What made the big dominoes fall? First there was a telephone call. Then there was a second one. I sat upright in the bath and pressed my palms to my temples. Think now. Third one? Fourth one? No, no phone call. Or was there? How had the day gone, the day Emma stood in the rain?

We drank coffee on the veranda. Her head was a bit sore, but her self-mocking smile was beautiful. She had phoned Mogale. Branca had phoned back. Two calls. But we hadn’t learned about the letter at the gate yet. Dick came to flirt, Susan came to tell us about the letter. We saw Edwin at the gate, as large as life. Then we drove to Mogale.
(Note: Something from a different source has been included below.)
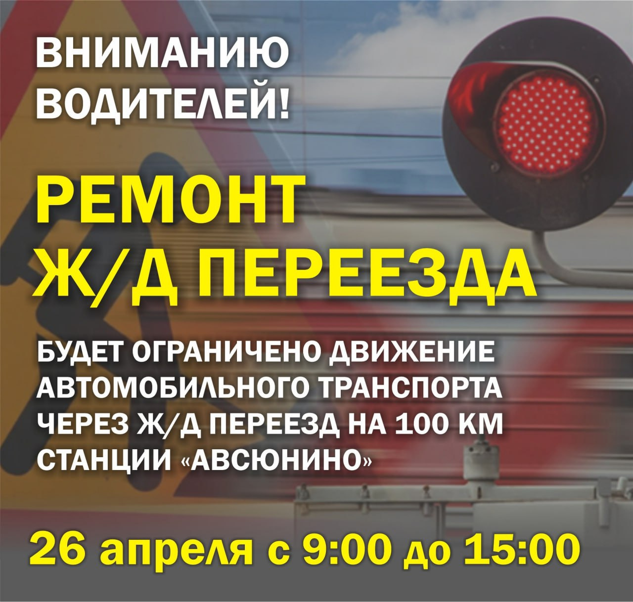 Вниманию водителей! 26 апреля с 9:00 до 15:00 будет ограничено движение автомобилей через железнодорожный переезд на 100 км станции «Авсюнино».

Looked through Cobie’s house with Branca, looked at the blood smear on the safe and left. Then the attack.

What was I missing?

How had they known about Edwin and the message? How had they known where we were in order to ambush us?

I went back to that morning. We get the letter from Edwin. Emma questions him. Gives him money.

Could someone have seen us while we were talking to Edwin at the gate of Mohlolobe? Were there eyes somewhere that saw the letter being handed over?

Game fence, high fences, dense bush on both sides of the road. No vehicles parked at a distance. I would have seen them. But even if there were a hidden spy with binoculars, they couldn’t have known the contents of the letter.

We drive away. Emma stares at the letter. Reads it over and over. Speculates over the style of writing.

Then her cell phone rings.

There was a call. Carel the Rich. She told him everything. Everything. About the letter too, and then I knew how they did it. I hit the bathwater with my fist, the water splashed against the fish and seaweed. A dolphin grinned at me with an open mouth and I grinned back, because I knew.